LITERATURA › PABLO SPINELLA, HIJO DE UN DESAPARECIDO, Y LA IMPOSIBILIDAD DEL OLVIDO

“Fue inexorable reconocer mi historia”

La novela no es autobiográfica, pero el personaje de Lucas tiene mucho que ver con la vida de su creador. “Las heridas que nos deja el pasado nos enseñan que lo que nos pasó fue real”, asegura. El libro tiene prólogos de Ana Careaga y Estela de Carlotto.

 Por Silvina Friera

“En un país donde hablar de los desaparecidos está mal visto, ¿quién nos va a contar lo que pasó?”, se pregunta Lucas, el protagonista de La imposibilidad del olvido (Nuestra América), de Pablo Spinella, novela prologada por Ana Careaga y Estela de Carlotto, que se presentará el lunes 14 a las 19 en el Centro Cultural de la Cooperación (Corrientes 1543). Lucas evoca imágenes de su pasado para recomponer su identidad. El avión militar que sonó como un trueno en el patio de la escuela durante la guerra de Malvinas; la primavera democrática y sus comienzos difíciles en la escuela secundaria; su rechazo a escuchar las propuestas de los candidatos a dirigir el centro de estudiantes (“me habían enseñado, con la pedagogía del miedo, a no meterme en política”); la primera vez que escuchó la palabra “desaparecidos” sin poder aplicarla a la ausencia de su padre, convencido de que lo había abandonado. Lucas se hunde en una realidad enmascarada por el “mejor no preguntar”. Saber, es cierto, quizá sea peor que ignorar. Pero el “no saber” qué había pasado con Angel lo está enfermando. El primer paso lo da cuando decide visitar la casa del hermano de su padre, ese tío que murió súbitamente, con el que nunca habló sin saber por qué razón. Papeles, cartas, fotos y documentos que encuentra en una caja disparan un diálogo imaginario con su padre. Lucas no puede parar de escribir, necesita conjurar el olvido con palabras.

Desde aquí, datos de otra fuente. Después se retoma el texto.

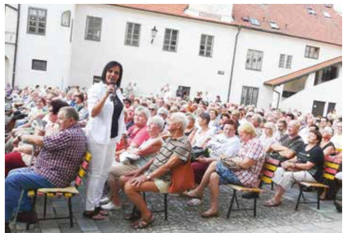
Senioři jsou nejčastější a nejděčnější publikum.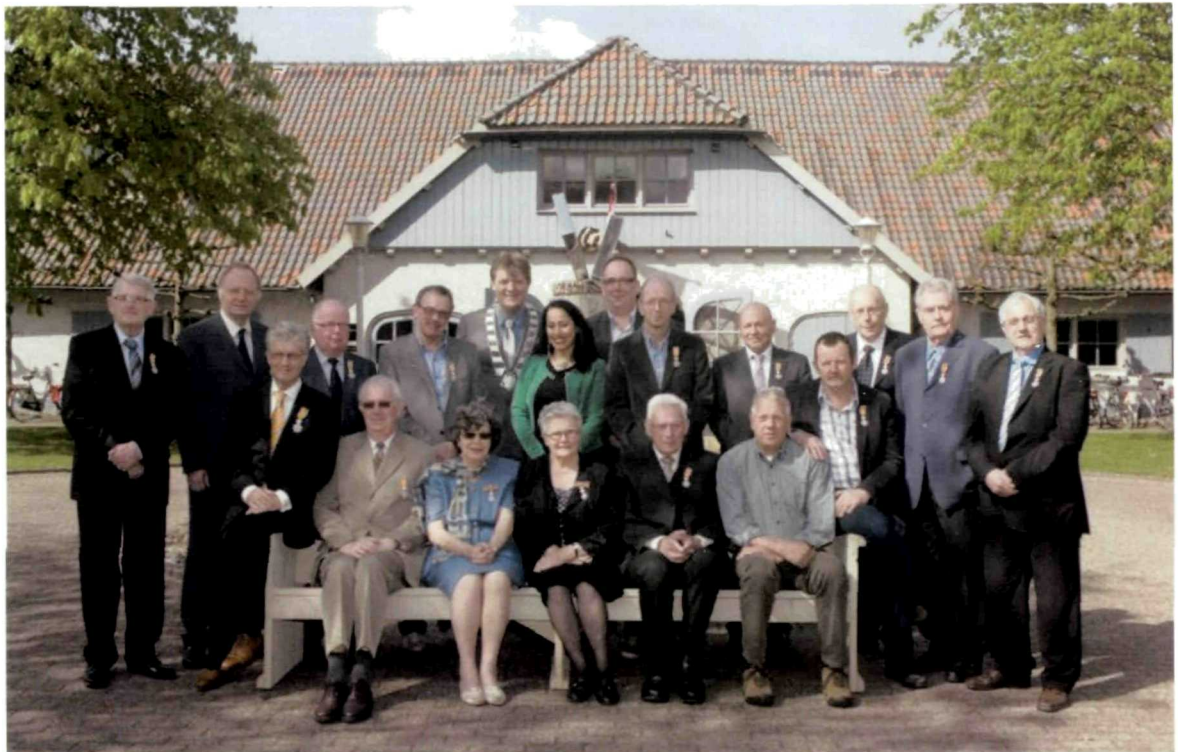
Uitreiking Lintjesregen 2013 – Heusden

Spinella, escritor e investigador que trabaja en el Archivo Nacional de la Memoria, cuenta a Página/12 que decidió escribir La imposibilidad del olvido en fragmentos que recurren a imágenes separadas, como fotografías que surgen de manera espontánea. “Trabajé las elipsis, los finales abruptos, de manera deliberada, dejando situaciones de algún modo incompletas, al menos desde el plano literario, que llevan al lector a la reflexión –explica el escritor–. Intentaba contar la historia reciente de la dictadura, cuando me di cuenta de que estaba inmerso en Lucas y a partir de ese momento no pude parar de escribir.” El novelista acompañó al protagonista, tratando de ser fiel a sus vaivenes y contradicciones. “Después pasaron otras cosas; es lo inexorable de reconocer la propia historia. Las heridas que nos deja el pasado nos enseñan que lo que nos pasó fue real –advierte Spinella–. Durante mucho tiempo, los libros fueron –y son– un refugio. Hubo momentos peores que otros y para cada uno un libro, un autor diferente: Cortázar, Dostoievski, José Saramago, Osvaldo Bayer, Haroldo Conti, Arturo Jauretche. Cuando era chico, si no leía unas páginas de El Principito no me podía dormir.”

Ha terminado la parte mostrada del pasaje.